Hi all!

Is there any way that the drone just disarms the motors and drops straight down whenever the props hit an obstacle, like a tree? I would assume looking for a surge in back emf could help trigger the failsafe.


I am sorry if this functionality is already built in, but I haven't seen that explicitly stated anywhere. This was very useful on the ARDrone I used, which would immediately disarm on hitting anything. I am not tremendously concerned with the landing gear being damaged; I fly pretty close to (a few meters above)  the ground.

The most hacky way of doing this would be to cut throttle and disarm the motors in the failsafe event handler in events.pde, but I'm look for something more graceful.


The reason why this is a bit of a big deal is that I'm using the drone indoors, and
a. I don't have GPS, and
b. I cannot rise 10m; which implies that RTL is useless for me.
c. I don't necessarily want a slow spin down, since I might just be chopping things off.

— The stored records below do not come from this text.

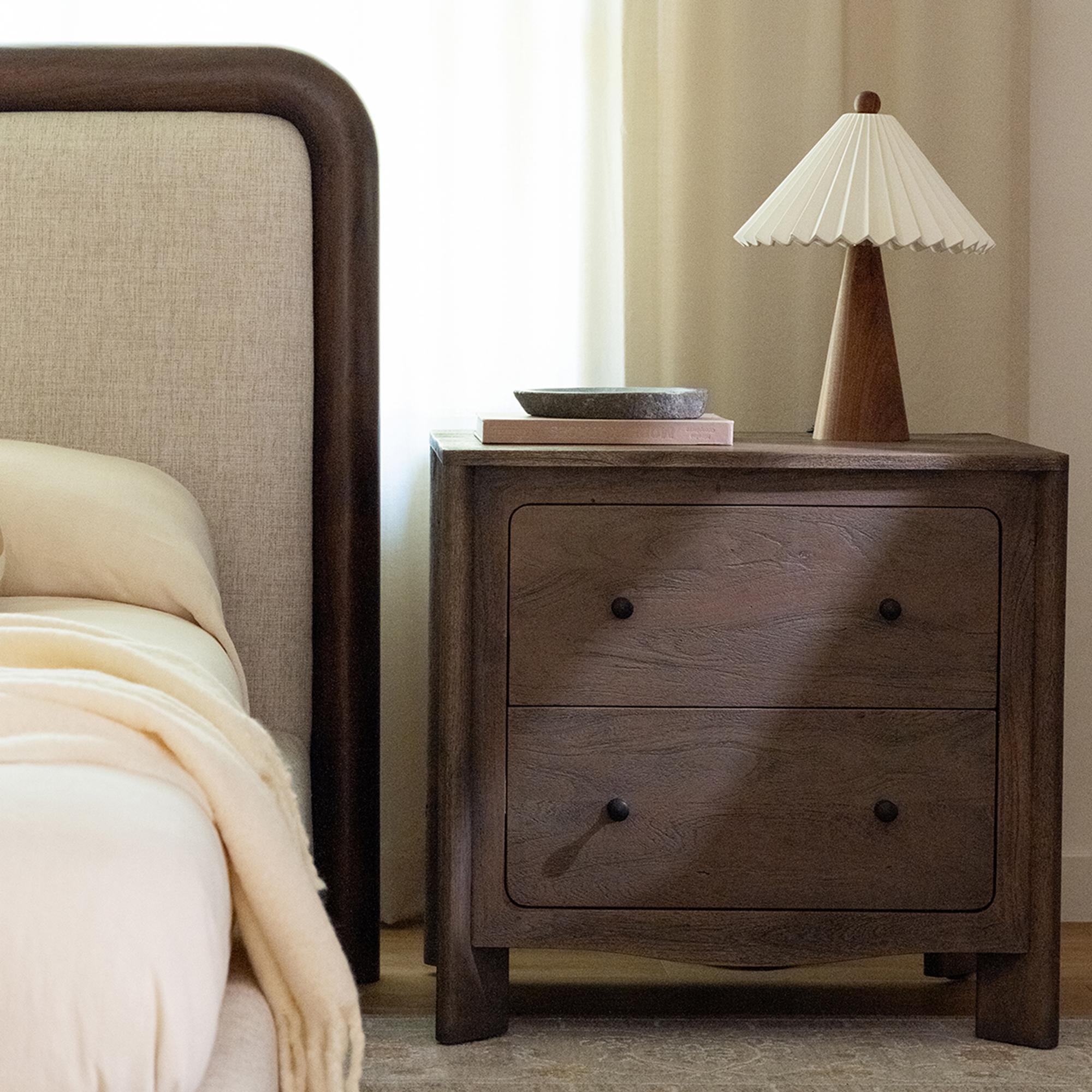 Curve meets edge. Mabel is all about sculptural detail done right. A curved base gives a subtle nod to tradition, while inverted diagonal legs add lift and a modern twist. The wire-brushed Acacia brings out texture and tone, highlighting the wood’s natural grain. Compact, confident, and grounded by design.
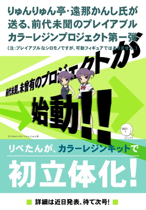 moeyo.comで連載中の「フィギュアのフィーたん」から、つるぺた・ツインテ・ツンデレ娘のリペたんがりゅんりゅん亭・遠那かんし氏の手によってカラーレジンキットとして悲願の初立体化!
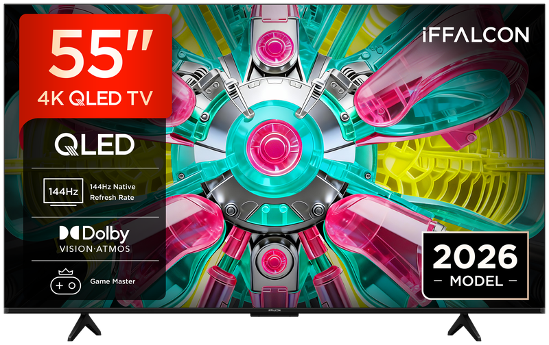 iFFALCON 55U75A 55" 4K QLED, HDR, Google TV, Dolby Vision, HDR10+ & Atmos, 144Hz VRR, FreeSync Premium, Game Master, Spraakbediening, Google Assistent, Google Cast, AirPlay 2
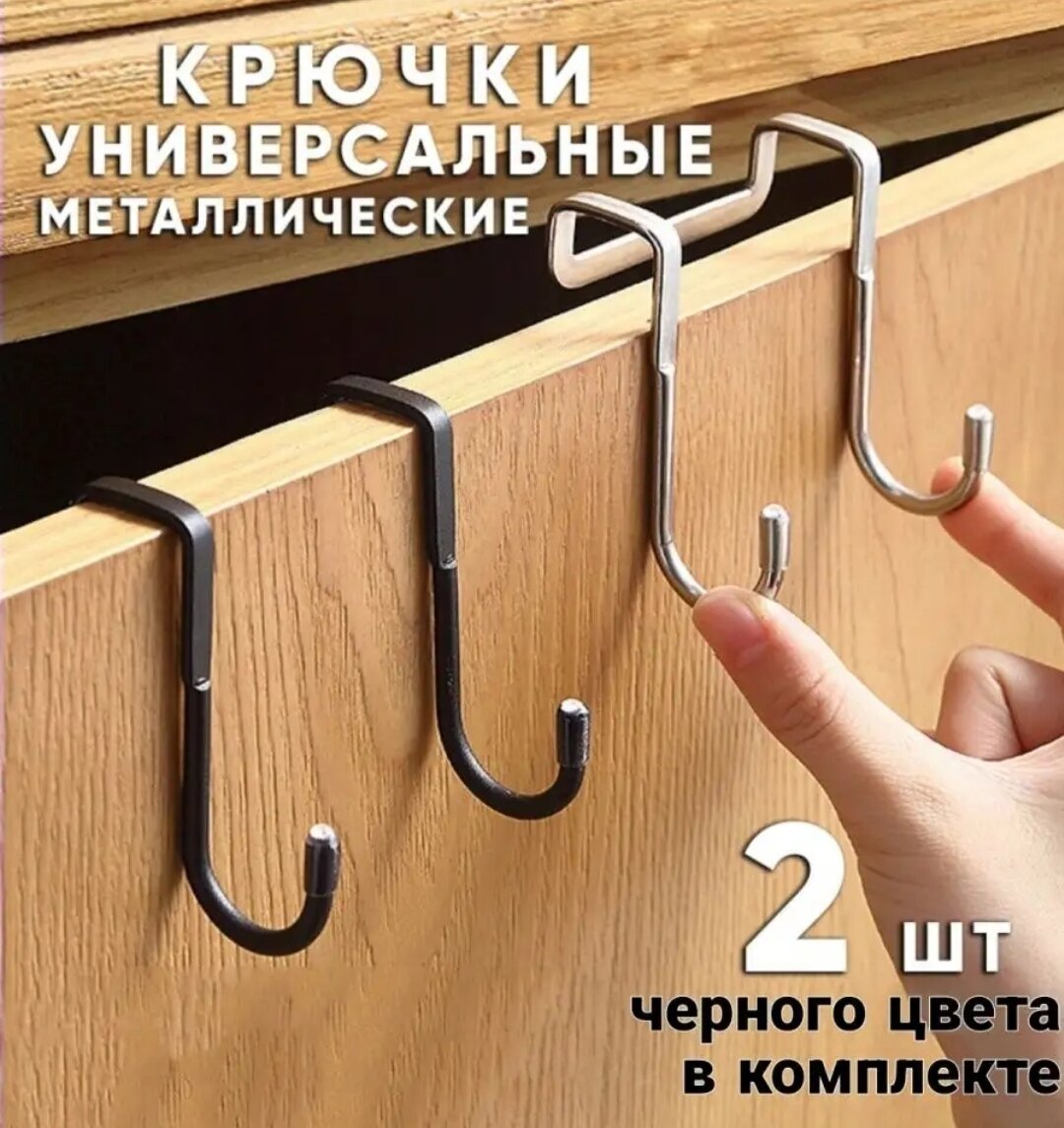 Крючок двойной навесной на дверь шкафа на кухню черный матовый, 2шт. интересное:
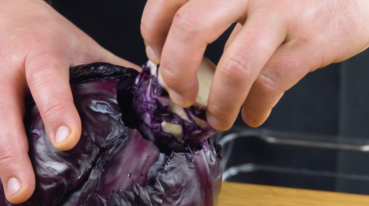 1.) Höhle den Rotkohl aus und lege den Strunk erst einmal beiseite.
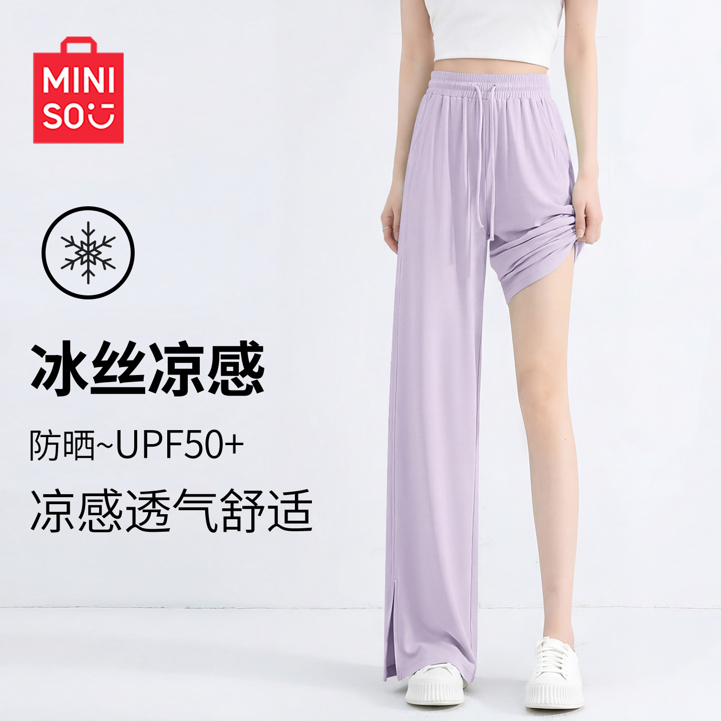 夏季 女2026新款 运动裤 速干裤 子J MINISO 直筒冰丝裤 名创优品防晒裤
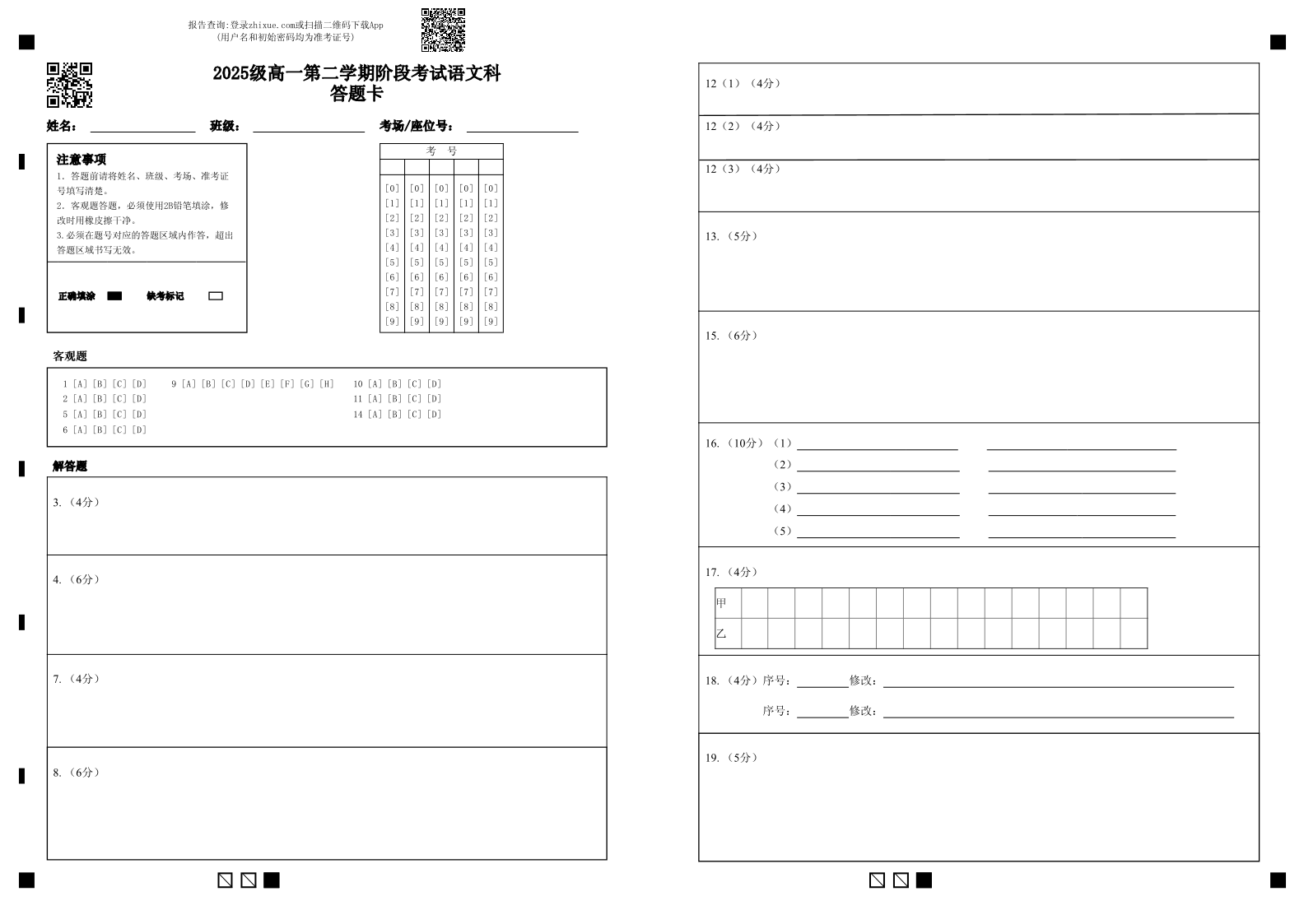 广东省汕头市金山中学2025-2026学年高一下学期阶段性考试 语文答题卡.pdf
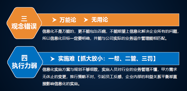 建筑施工企業信息化產品選型誤區。很多企業信息化又想做又害怕,我們總結了幾方面的問題,規劃錯誤,缺少頂層設計造成信息孤島。每一個部門買自己的。我們了解過一個企業有八套系統,都是獨立的,最后作為領導什么數據看的都是不一樣的。產品先型不對,越開發越累,要懂行的才能研究出來,如果找一個軟件,他什么都不懂,能給你研發出相關行業軟件嗎?不行,要選對。萬能論、無用論,軟件不是萬能的,也不是無用的,關鍵是怎么用。能實施好才是最主要的。對于信息化,不管花幾十萬、幾百萬、幾千萬,要落地,否則就打水漂了。信息化是請老師還是請學生?
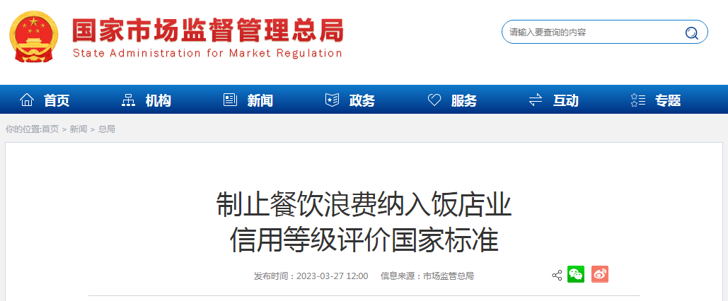 據國傢市場監督管理總局官方微博消息,近日,市場監管總局(標準委)批準發佈《飯店業信用等級評價規范》。
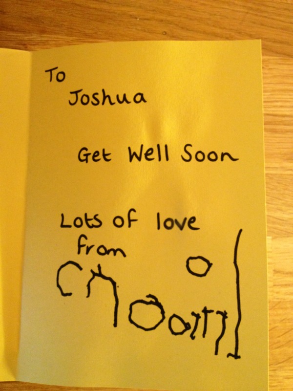 Charlotte’s friend from preschool is in hospital so she has made him a card today x
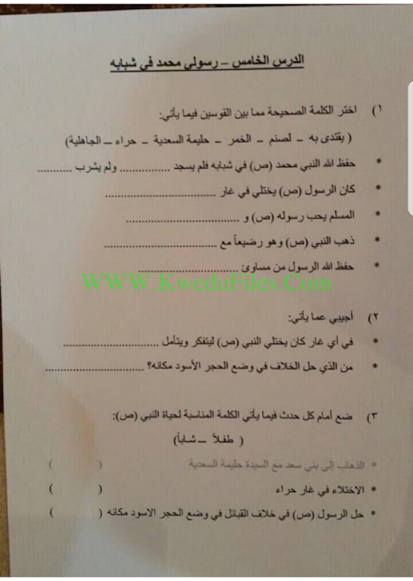 5. تربية اسلامية, الفصل الأول, 2025-2026, نموذج اختبار تجريبي حول الوضوء وفضل الرسول وآداب السلام
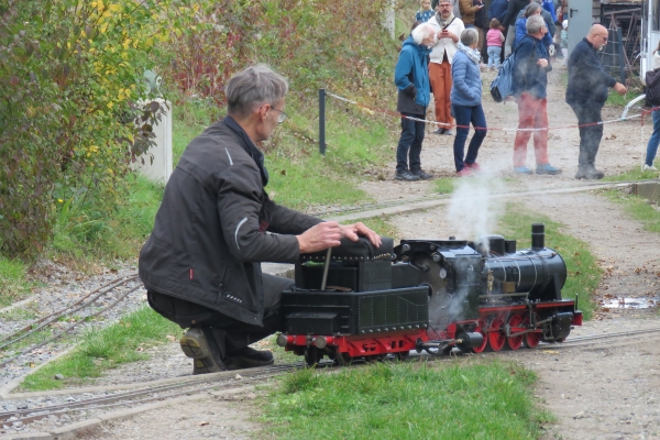 | Unter anderem habe ich erneut Hans getroffen. Er erzählte mir, dass er bei Helmut Erle in der Werkstatt zu Besuch war und seine E94 im Bau gesehen hatte; sie soll noch dieses Jahr fertig werden. Hans will beim Aufbau der Gleise zum Echtdampfhallentreffen in Friedrichshafen helfen und dann am Freitag als Besucher dabei sein. So könnten wir uns ggf. treffen, da ich ebenfalls am Freitag als Besucher zur Messe nach Friedrichshafen fahren möchte. Ein schöner und guter Eisenbahntag war das für mich in Karlsruhe. |

I think such a feature (if automated) would also be of utility to avoid a lot of injuries.

Tags: cut-off, emergency

Views: 325

Replies to This Discussion

I think the RTL altitude is configurable via the Mission Planner; it's 10m by default.

The APM doesn't receive any feedback from the motor controllers, it's an "open-loop" control setup". It sends commands and doesn't even know if the ESC is listening. So, a motor could quit in flight and the vehicle would have no clue. Some fancier systems have smart ESCs which communicate RPM and power data back to the autopilot, allowing for all sorts of clever control algorithms. One example is compensating for a blade-out condition (in a hex or octo setup).

MAYBE you could write a safety control that watches your current draw from the battery and compares that to the throttle levels and accelerometer data, looking for some combination that indicates a collision. I don't think the APM does this yet.

Thanks for the reply!
So you suggest using something like this (or this), and send the output to the the ADC of the ardupilot, and then in the user hooks look for a sudden change in the RPM?
UPDATE: Also, got a slightly similar post now : http://diydrones.com/forum/topics/brushless-motor-rpm-sensor?xg_sou...

Cool! I forgot about add-on RPM sensors. You'll want one sensor per motor. Then you'll need code that watches the RPM for each motor. A collision should trigger a huge instantaneous change in the RPM, much more dramatic than even the fastest throttle change, so this should be very reliable.

You might consider making a test stand where you stretch a string between each of the copter legs, and tie it to a frame so it's suspended off the floor. This way you can mess around and get data without actually crashing.

Ive been doing some research into a "Safe" drone that could be used for filming crowds at different events, but that would have a low risk of injury if something went amiss. This would definatley help in that regard.

Yup, sounds workable. One question, however - Those RPM sensors listen only to the ESC data. I'm not sure if an external torque causes a change in the output of the ESC phase currents.
Are you certain that if, say the props start moving much slower due to some external factor, there's a corresponding change in the ESC output?

The ESC watches the motor spin, and watches your throttle signal, and applies the appropriate amount of power (based on throttle) to each motor winding/phase at the appropriate time (based on RPM).

RPM changes are mostly a side effect of having an imbalance between the amount of throttle being applied, and the amount of thrust/drag on the prop. The ESC doesn't care, its job is just to time the motor phases correctly.

Since our cheap motors don't have hall sensors or optical encoders, the ESC must be monitoring 'back EMF' or some such thing in order to judge when to trigger each phase.

Okay. Ordering these sensors, then. Unfortunately, I don't think I shall have the time to work on this until Jan.